• [Exercise input]

------------------------------------------------------------

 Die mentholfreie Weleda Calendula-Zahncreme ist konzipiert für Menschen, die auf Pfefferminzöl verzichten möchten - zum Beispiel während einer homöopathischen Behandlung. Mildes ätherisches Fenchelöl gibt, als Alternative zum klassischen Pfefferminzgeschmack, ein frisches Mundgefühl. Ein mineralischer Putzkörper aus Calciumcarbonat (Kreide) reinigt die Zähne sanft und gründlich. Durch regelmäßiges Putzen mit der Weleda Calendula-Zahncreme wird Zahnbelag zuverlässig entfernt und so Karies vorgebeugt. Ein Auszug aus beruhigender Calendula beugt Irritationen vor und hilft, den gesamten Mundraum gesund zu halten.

------------------------------------------------------------

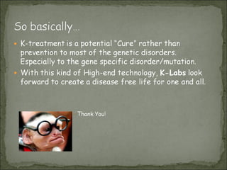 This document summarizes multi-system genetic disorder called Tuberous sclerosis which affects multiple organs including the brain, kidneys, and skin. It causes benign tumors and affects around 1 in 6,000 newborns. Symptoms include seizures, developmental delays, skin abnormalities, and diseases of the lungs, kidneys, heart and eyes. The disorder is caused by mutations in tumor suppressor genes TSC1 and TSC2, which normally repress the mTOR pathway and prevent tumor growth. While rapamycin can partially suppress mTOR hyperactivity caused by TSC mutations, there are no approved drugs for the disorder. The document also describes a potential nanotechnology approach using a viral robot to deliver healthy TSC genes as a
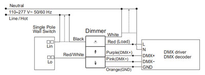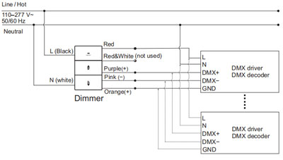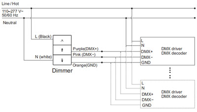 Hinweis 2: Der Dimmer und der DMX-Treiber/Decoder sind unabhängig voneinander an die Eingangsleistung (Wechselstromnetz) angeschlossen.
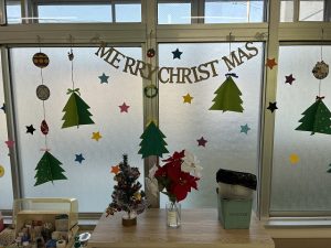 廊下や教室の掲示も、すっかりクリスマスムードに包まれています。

------------------------------------------------------------

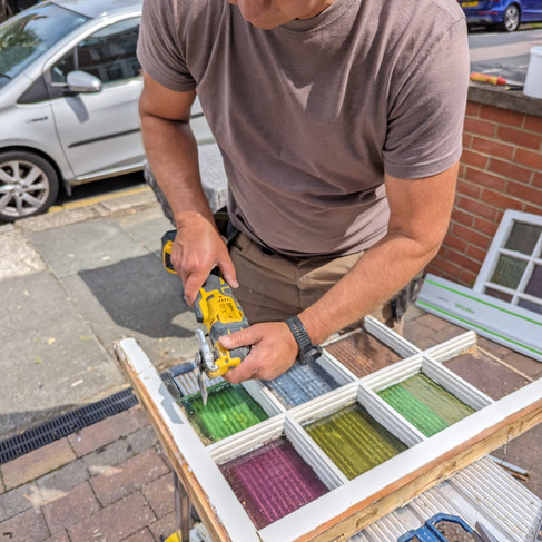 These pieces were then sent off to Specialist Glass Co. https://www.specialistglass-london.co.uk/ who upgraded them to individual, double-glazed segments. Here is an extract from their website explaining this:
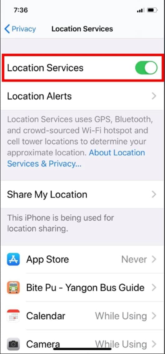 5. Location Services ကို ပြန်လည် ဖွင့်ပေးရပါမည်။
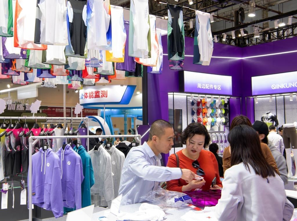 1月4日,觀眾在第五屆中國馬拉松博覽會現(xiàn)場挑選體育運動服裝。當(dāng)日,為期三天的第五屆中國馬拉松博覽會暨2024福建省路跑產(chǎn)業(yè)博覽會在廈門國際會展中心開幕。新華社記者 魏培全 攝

------------------------------------------------------------

• [Work to be completed] Nothing but the lines from the one with "Hinweis 2: Der" to the one with "廊下や教室の掲示も、すっかりクリスマスムードに包まれています。" above, both included, should be transcribed, exactly and without pictures.

• [Solved exercise]
 Hinweis 2: Der Dimmer und der DMX-Treiber/Decoder sind unabhängig voneinander an die Eingangsleistung (Wechselstromnetz) angeschlossen.
 廊下や教室の掲示も、すっかりクリスマスムードに包まれています。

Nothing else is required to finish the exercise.